Location
- 700 West Broadway Avenue Sulphur, Oklahoma 73086 United States 34°30′25″N 96°58′38″W﻿ / ﻿34.506821°N 96.977328°W

Information
- School type: Public, high school
- School district: Sulphur Public Schools
- Superintendent: Matt Holder
- Principal: Clete Cole
- Teaching staff: 13.00 (FTE)
- Grades: 9–12
- Enrollment: 445 (2023–2024)
- Student to teacher ratio: 34.23
- Colors: Red and white
- Mascot: Mack
- Team name: Bulldogs
- Rival: Davis High School
- Website: www.sulphurk12.org/79384_2

= Sulphur High School (Oklahoma) =

Sulphur High School is a public high school located in Sulphur, Oklahoma.

==Academics==
In 2020, 97.7% of the school's seniors received their high school diploma, and 34.6% dropped out.
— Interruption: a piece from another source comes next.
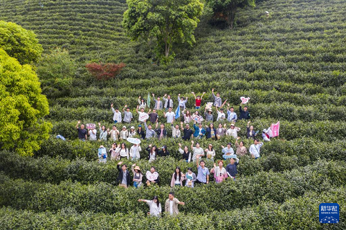 4月16日,參加茶文化主題活動的青年在建德市新安江街道嶺后大坪茶園合影(無人機(jī)照片)。(新華社記者 徐昱 攝)

The average GPA of the school's seniors was 1.9.

==Proficiency testing==
In Reading, 105 students took the reading proficiency test. 2% of the students who were tested in reading were Unsatisfactory, 23% Limited Knowledge, 56% Proficient, and 19% Advanced. In Mathematics, 101 students took the math proficiency test. 4% of the students who were tested in mathematics were Unsatisfactory, 35% Limited Knowledge, 33% Proficient, and 29% Advanced. Reading and Math proficiency is determined by student results on the school's Oklahoma Core Curriculum Tests, End of Instruction Secondary Tests.